Motion compensated temporal filters, on the other hand, utilize crosscorrelations along the direction of motion. However this requires the estimation of the displacement vector field (DVF) from the noisy frames. Nevertheless, when it is available, or it can be estimated, a motion compensated temporal filter can be seen to belong in the class of multiple input filters. Huang and Tsai41 proposed one of the first techniques by doing simple averaging of the frames. For the reasons mentioned earlier, however, averaging of the frames is not an effective form of temporal processing. Dubois and Sabri20 first looked at image sequence filtering for a videoconferencing application by proposing a nonlinear recursive filter to operate on motion compensated frames. Because the motion estimator they used did not take into account the presence of noise, the results were not as good for the very noisy environments as for low noise environments. To combat this problem, Katsaggelos et al.,50 proposed a 3-D separable recursive motion-compensated spatio-temporal filter to utilize correlations not just in the temporal domain but also correlations in the spatial domain as well. The correlation coefficients were calculated for the steady state case, thus assuming that the image intensity field is stationary. To avoid this problem, an edge adaptive motion compensated spatio-temporal filter was proposed in51, where the response of the filter is tuned to spatial edge information and motion compensation prediction error. Now, however, the performance of their estimator, is also tied to the performance of the edge detector in noisy environments. Brailean and Katsaggelos5,6 have proposed a novel method for filtering image sequences in additive white Gaussian noise (AWGN) by proposing a robust motion estimator that performs well in noisy environments. In addition, an extended Kalman filter is used to filter the motion compensated image sequence. Both estimators are based on the use of doubly stochastic Markov models driven by a Gibbs distribution33 for the expression of the motion and intensity field.7


All of these image sequence filtering techniques described thus far have been formulated for sequences degraded by AWGN. Although these methods may arguably be applied to the problem at hand, they cannot correctly model the underlying quantum–limited imaging processes. For example, Singh72 used a recursive technique to perform motion-compensated enhancement of cardiac fluoroscopy image sequences. His technique follows from an incremental Kalman filtering-based method for estimating the motion field and the intensity field separately. Though he obtained good results on clinical sequences simulated with white Gaussian noise, Singh discussed the fact that X-ray images are known to have signal-dependent Poisson noise and that there is a need for temporal versions of filters for these types of noise.


3.4.2. Motion Estimation


While there have been numerous algorithms for registering angiographic images (see, for example,78,79), these methods assume that there is no noise in the images. The estimation of the DVF by specifically taking into consideration the presence of noise have only recently been considered, with the majority of the work confined to the additive white Gaussian noise (AWGN) environment. The beginnings of these works resulted primarily in maximum likelihood approaches to estimate the motion field whereby Gaussian assumptions are made to make the problem more tractable.58,61,64 Anderson and Giannakis2 considered the use of higher order cumulants for estimating the DVF in correlated Gaussian noise. Abdelqader and Rajala1 took into consideration a priori knowledge of the motion field by using Gibbs distribution and applying a mean field annealing technique to noisy sequences in order to obtain the result. Konrad and Dubois53 also used a Gibbs distribution in their characterization of the DVF, but solved for the solution using MAP and minimum expected cost methods. Brailean and Katsaggelos7 treated the problem recursively and obtained MAP estimates of the motion field from noisy sequences using an extended Kalman filter.

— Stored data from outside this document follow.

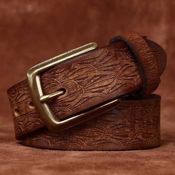 High-Quality Cowhide Leather Casual Jeans Belt with Copper Buckle
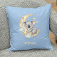 Este travesseiro personalizado para meninos apresenta um bebê coala fofo enrolado dormindo em uma lua crescente com estrelas brilhantes em um fundo azul pastel caprichoso.
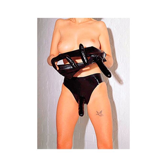 Fantastische Gurtzeug für Frauen mit Triple - Penis Latex in der Farbe schwarz, repräsentative Sammlung SHARON SLOANE Latex Collection.
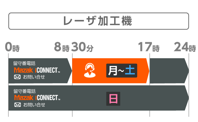 日曜日の0:00~8:00、月曜日の0:00~8:00の間は、Mazak iCONNECT™、留守番電話、お問い合わせフォームによる対応となります。
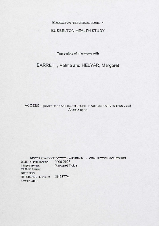 OH3577/4 Transcript. Interviews with Valma Barrett & Margaret Helyar in 2006-2008 by Margaret Tickle
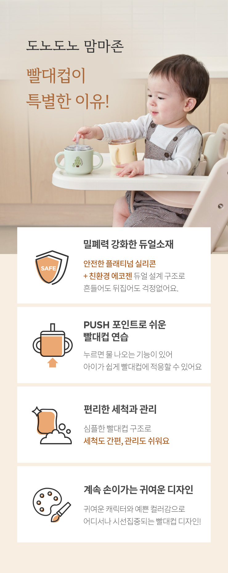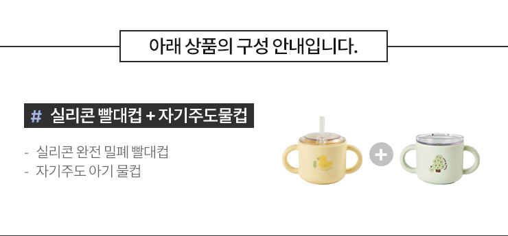 실리콘 완전밀폐 빨대컵+자기주도 아기물컵
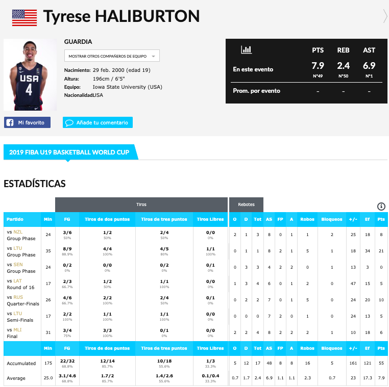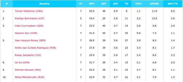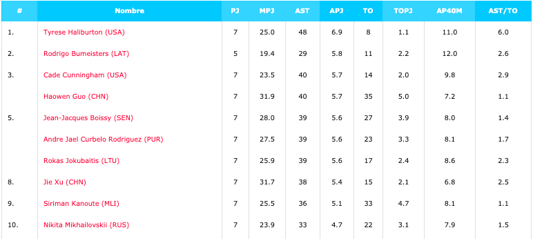 Estados Unidos tiene una de las mayores promesas del mundo entre sus filas. Tyrese Haliburton, siendo el máximo asistente del torneo, ha sido lo suficiente inteligente para saber que su rendimiento en ataque podía proporcionar muchos huecos en las defensas de los rivales. Sus compañeros ha sabido generar muchos puntos gracias a sus asistencias.
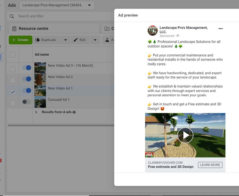 We set up a Facebook Conversion Ad campaign optimized for leads as the client wanted to show ads to potential landscaping leads on social media.
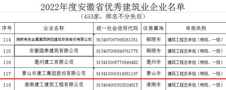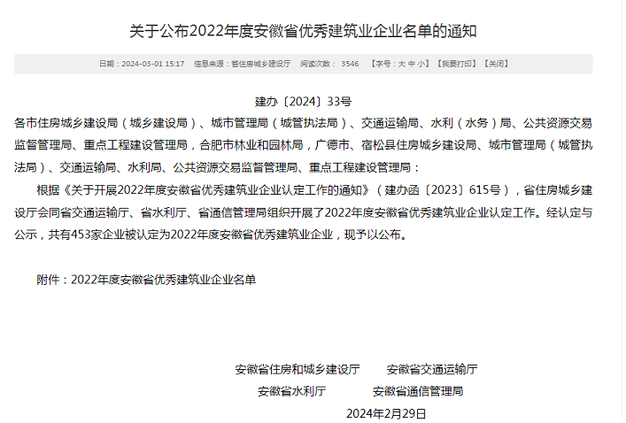 近日,安徽省住房和城鄉(xiāng)建設(shè)廳發(fā)布了“2022年度安徽省優(yōu)秀建筑業(yè)企業(yè)”名單,黃山建工集團憑借企業(yè)經(jīng)營發(fā)展、管理創(chuàng)新能力、企業(yè)建造能力、企業(yè)文化建設(shè)、社會責(zé)任履行等方面的卓越表現(xiàn)再次名列榜單――建筑工程總承包類(特級、一級類別)省優(yōu)秀建筑業(yè)企業(yè),連續(xù)多年斬獲該項殊榮。
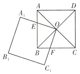【例1】(北师九上教材P25T4改编)如图,正方形ABCD的边长为2,对角线相交于点O,点O又是正方形$A_{1}B_{1}C_{1}O$的一个顶点,而且这两个正方形的边长相等,正方形$A_{1}B_{1}C_{1}O$绕点O转动.
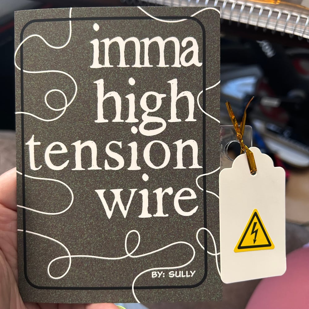 “imma high tension wire” is my first perzine, a very personal story of my life as a late diagnosed AuDHD lil guy who struggles with noises, connection, and having a stable sense of self. Intersperced with my own original art and written as a way to explain my existence and daily struggles to my family, I hope this helps other people like myself feels seen.
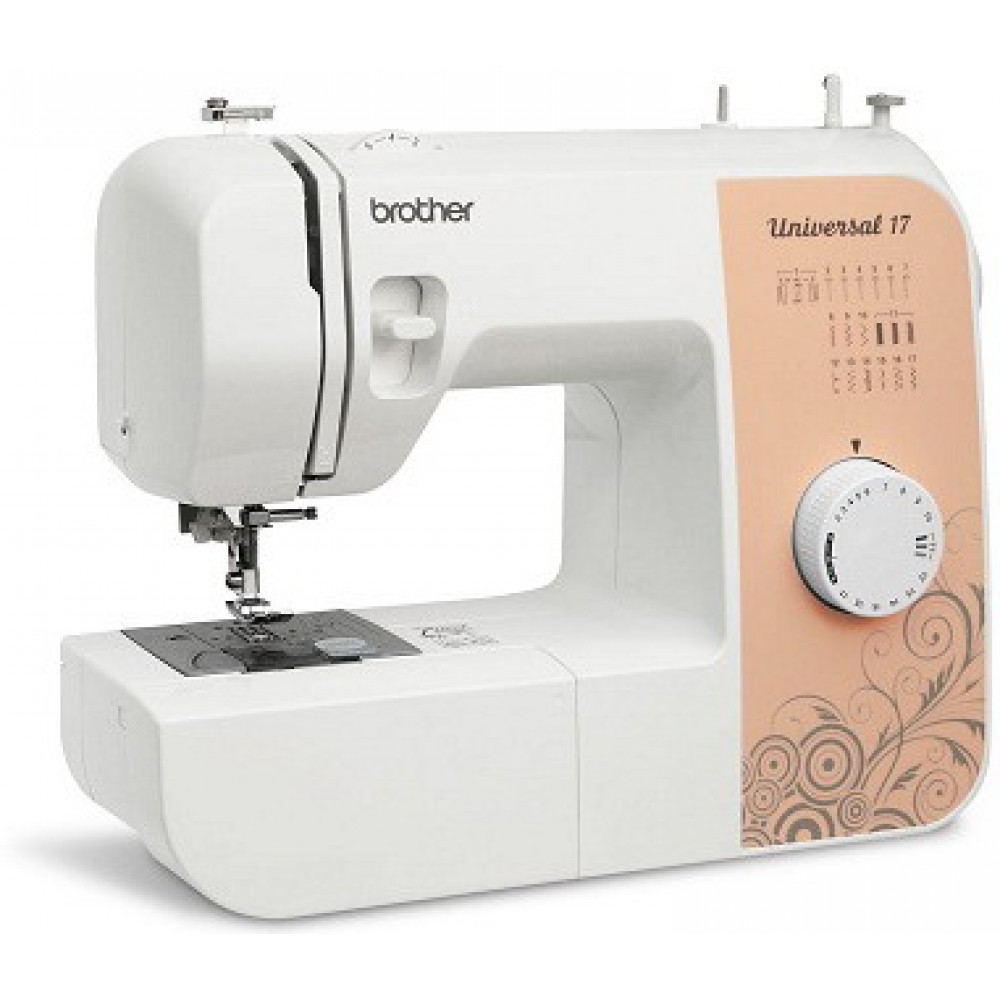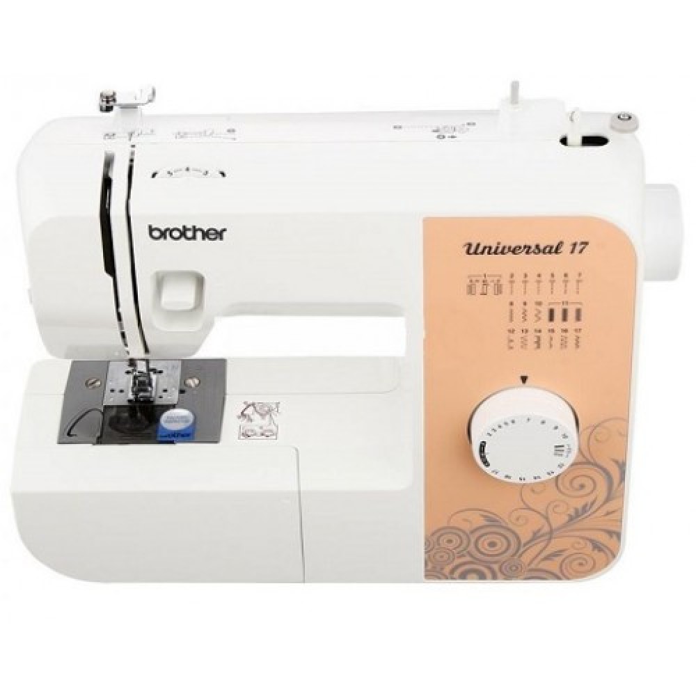 Электромеханическая швейная машина Brother Universal 17 идеальна для начинающих, проста в управлении, надежна и доступна по цене. Эта модель имеет набор основных необходимых для шитья строчек и предназначена для пошива легких, средних тканей. Она отлично послужит Вам в быту при ремонте и пошиве одежды. Машинка оборудована электроприводом - электрическим мотором, с помощью которого приводится в движение маховое колесо. Управление скоростью вращения происходит при помощи ножной педали: чем больше усилие нажатия, тем выше скорость шитья. Модель Brother Universal 17 выполняет 17 операций в число которых входят 16 различных строчек (прямая, зигзаг, эластичный зигзаг для пришивания резинки, потайная строчка для подшивки низа, универсальная, гофрирующая строчка), а так же бельевая петля, выметываемая в полуавтоматическом режиме.

These approaches preclude those techniques which treat the motion field as an observed noisy signal requiring post-processing. In the application to quantum-limited scenes, Pohlig70 investigated the detection of moving optical targets from a CCD sensor in Poisson noise, but does not consider the estimation problem. Though Chen18 extends this detection problem further to account for three-dimensional moving targets, the estimation of the DVF by specifically taking into consideration the presence of noise have only recently been considered, with the majority of the work confined to the additive white Gaussian noise environment. Morris62 describes a method for scene matching using photon-limited images, but assumes the availability of an original reference scene for cross-correlation against the degraded frame. In general, the two frames of a dynamic sequence, such as those considered here, are both degraded and the original reference frame is not available. Chan and Katsaggelos16 have proposed an iterative method for estimating DVF’s from quantum-limited scenes. This approach will be described in Section 3.8. In addition, Chan et al.,8,15 extend this method further by considering the use of a Gibbs distribution to describe the motion field to improve upon the estimates.

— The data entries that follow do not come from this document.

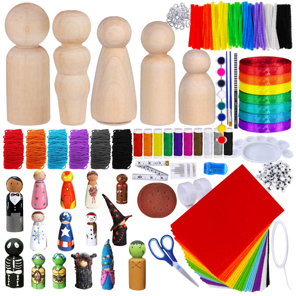 - Assorted Unfinished Wooden Peg Doll Bodies Family Doll Bodies Craft Kit includes 50 Pcs 5 Shapes Wooden Peg Doll Bodies, 56 Pcs 8 Colors Soft Felt Sheets, 120 Pcs 8 Colors Plain Pipe Cleaners, 120 Pcs Wiggle Googly Eyes, 6 Rolls 6 Colors Yarn, 7 Rolls 7 Colors Satin Ribbon, 1 Set of Paints , 1 Paint Palette Tray, 1 Pencil, 1 Sharpener, 2 Pcs Sanding Discs, 1 Set Sewing Threads (10 rolls), 1 Set Needles, 1 Scissor, 1 Measuring Tape, 1 White Washi Tape and 2 Rolls adhesive dots.
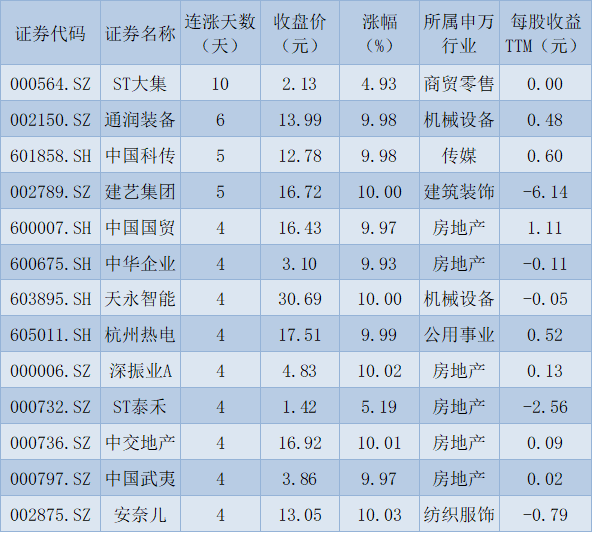 表:連續(xù)上漲4天且今日收盤漲停股一覽
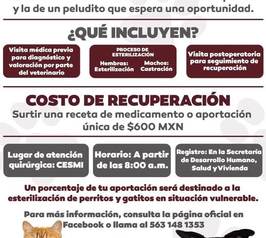 La cirugía se realiza en la Universidad CESMI, con registro previo en la Secretaría de Desarrollo Humano, Salud y Vivienda, de lunes a viernes a partir de las 8:00 a.m.
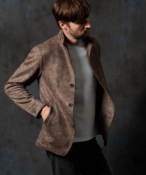 ■デザイン三つ釦タイプのスタンドジャケット。素材の特徴を活かす為、シンプルなデザインにしております。衿を開いて着た時のVラインが印象的で、脇接ぎを前に持って来る事による視覚効果でスッキリシャープに仕上げました。■サイズウエストシェイプを入れた綺麗なシルエットで、細身のサイズ感です。■素材ポリエステルのマイクロファイバーで編まれたカットソーポンチ素材をスウェード調に起毛したジャージ素材にオリジナルのプリント(Mottled Smoke=まだらな煙柄)を施しました。ジャージ素材ならではの横張り感・ストレッチ性はそのままに、マイクロファイバーを起毛した滑らかでソフトな風合いが特徴。伸縮性:あり生地の厚さ:普通裏地:なし■注意点衿端に付属としてプラスチック線材を使用しています。局部的に繰り返し折り曲げたり、その部分にアイロンを当てないで下さい。※画像の商品はサンプルです。 実際の商品とは仕様・加工・サイズ・素材が若干異なる場合がございます。※掲載画像の商品の色味は、撮影場所や光の当たり具合などにより色味が異なって見える場合がございます。 商品の色味は、生地アップの画像をご参照ください。 また、お客様のお使いのPC・スマートフォン等のモニター環境などにより色味が異なって見える場合がございます。 予めご了承の上ご注文ください。

In general, the registration of images in noise through motion compensation is a difficult problem. Consequently, in order for image sequence filtering to be optimal, the two tasks of displacement field estimation and image enhancement should be treated simultaneously as was done in15,16. In the first part of this chapter, image sequence filtering in quantum-limited noise is treated as a two-stage problem instead; that is, the estimation of the displacement field is treated separately from the estimation of the image intensity field. Although this may not provide the best possible results, separability enables a simpler, yet more insightful, formulation of the problem, while still yielding improved estimates over spatial filtering alone. Later, in Section 3.8, some preliminary work on the simultaneous motion estimation and filtering approach will be presented for the quantum-limited case.


Perfect registration of two frames, f1 and f2, undergoing purely translational motion implies that Image, where d is the spatially and temporally varying DVF. The commonly made assumptions of constant brightness and no occlusions of moving objects are made here. In practice, f1 and f2 are not available for motion compensation. Therefore, the degraded observations, g1 and g2, must be used to obtain the motion vector estimates. Such an implementation is shown in Figure 2. Katsaggelos et al.50 have shown that with noise above a certain level, registration errors become so large that it is necessary to spatially filter each frame separately before motion estimation can be performed. This is also true for the clinical fluoroscopic image sequences shown in this chapter. This optional step is also shown in Figure 2.


Image


Figure 2. Block diagram of motion-compensated temporal filter.


It is important to note that displacement estimates obtained with this spatial filtering preprocessing stage are used for the temporal filtering of the degraded frames, and not the spatially filtered frames. The latter procedure of applying the temporal filter to the spatially filtered frames may result in the oversmoothing of the image causing edges to become blurred. This “iterative” filtering (so named because of applying filtering to the degraded images and then to the newly filtered image again) was implemented with Kuan’s spatial filter, as mentioned earlier, in45. It entails updating the noise covariance matrix in the original formulation to reflect the presence of new noise levels after spatial filtering once. While this approach is not addressed here, an application of a temporal version of this “iterative” filter to angiographic image sequences can be found in14.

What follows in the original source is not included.